The following examples illustrate more clearly the use of both short-term flexibility and long-term flexible capacity and the challenges associated with them:

The feed-in from wind and PV as well as the power consumption fluctuate sometimes strongly in the course of the day. Events such as sudden cloud cover and consequently less PV feed-in require the best possible forecasts and subsequent rapid compensation. The steeper the ramp of the event, i.e., the faster and more severe the unforeseen change, the faster the technology must react to provide flexibility to smooth the fluctuation, to basically fill the gap that has suddenly appeared. Solutions include batteries or flexible power plants whose flexibility potential is bundled in Virtual Power Plants, for instance, and thus made available to the balancing energy market. In Germany, for example, the integration of renewable energies in the short-term flexibility markets is already quite advanced.

Long-term flexible capacity is needed not for intraday but for seasonal balancing of fluctuations in feed-in and consumption. Particularly in the winter months, weather conditions can occur in which little wind blows and the sun hardly shines, resulting in low feed-in from wind and solar. The German language, inventive as ever, has now even its own word for this situation: Dunkelflaute (dark doldrums). Electricity consumption remains high during these phases, due to the winter season. The question of how to bridge the Dunkelflaute is the subject of emotional debate. The current approach in most countries, as in Germany, is to bridge the gap with the help of conventional power plants, because renewable energies are not yet able to cope with long-lasting dark doldrums on their own, given the current state of expansion. Opponents of the energy transition and coal lobbyists like to use this fact as proof that an electricity system without conventional power plants would be impossible to implement. We disagree with this statement and are of the opinion that the Dunkelflaute period is currently still a problem that renewables cannot solve alone. However, there are already numerous concepts, clean technologies and approaches to overcome the Dunkelflaute period, and an adequate power system that knows how to use these potentials will also be able to do without conventional energy in times when solar and wind power generation is low. Which solutions do we mean, you ask? More interconnectors to link different countries to use their generation and storage to balance out the Dunkelflaute, more flexible generation from renewables, more demand response schemes, and of course more long-time storage, be it hydrogen, battery storage, or pumped hydro where possible.

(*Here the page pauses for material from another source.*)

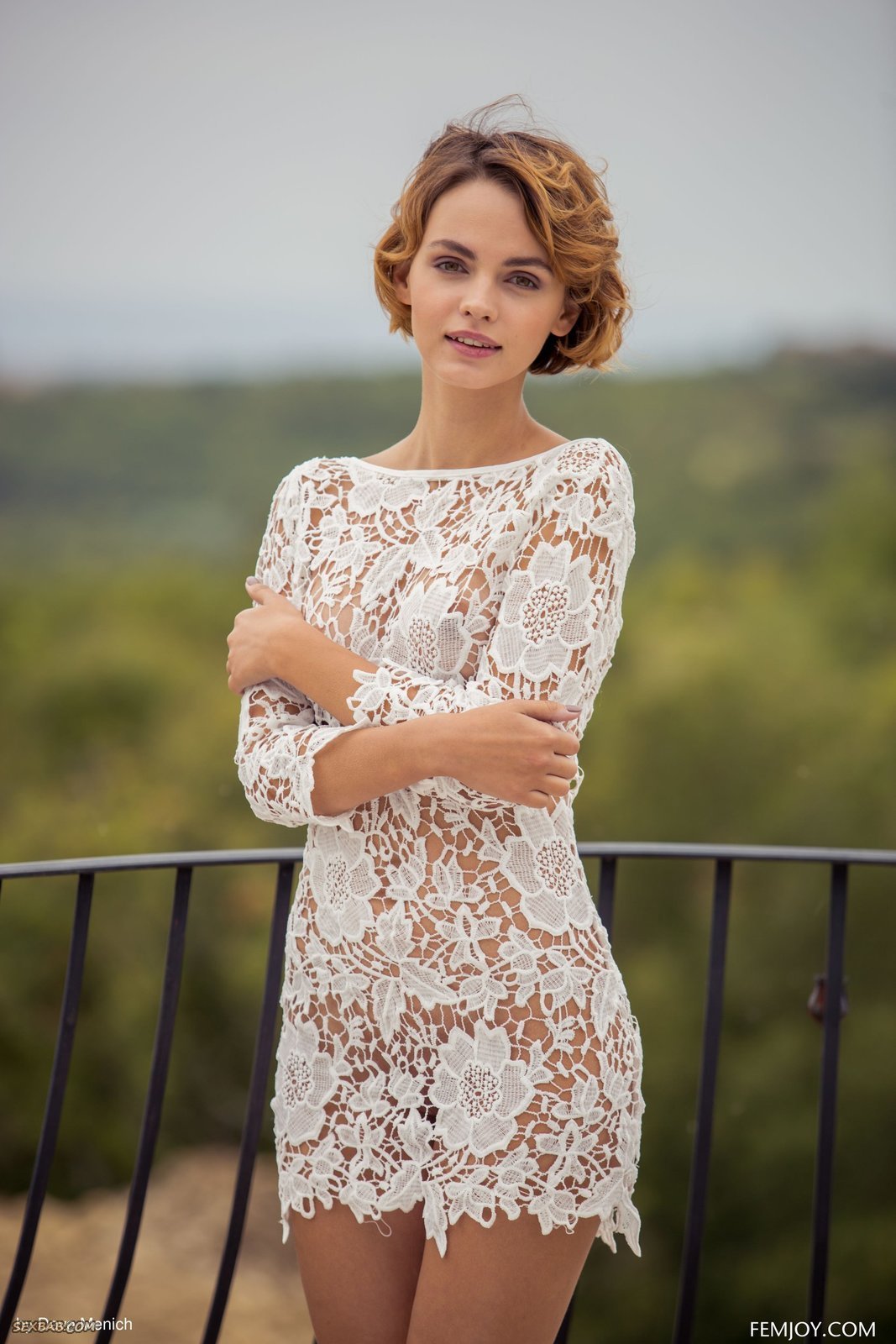 Описание: Оказавшись на балконе, худощавая милашка грациозно подняла руки вверх и сняла белое кружевное платье, сразу же начиная чередовать в обнаженном виде разные возбуждающие позиции. Трогая маленькую грудь с торчащими сосочками девушка раздвигала промежность и демонстрировала бритую письку с гладеньким лобком, после прогибаясь раком и выставляя попочку.

In the discussion about flexibility in the power system, the spatial component often receives less attention. Yet the question in which spatial units we consider flexibility and how we ensure that flexibility also arrives physically where it is needed are essential.

In most cases, the spatial unit in which we think flexibility is defined by the market. In many European countries, the defining spatial unit is still the nation. Why still? Because the EU aims to harmonize the European flexibility markets. The Electricity Balancing Guideline (EBGL) lay out these plans. Instead of looking at countries individually, it should now be possible to use flexibility throughout Europe. After implementation, flexibility will not be a national, but increasingly a European matter.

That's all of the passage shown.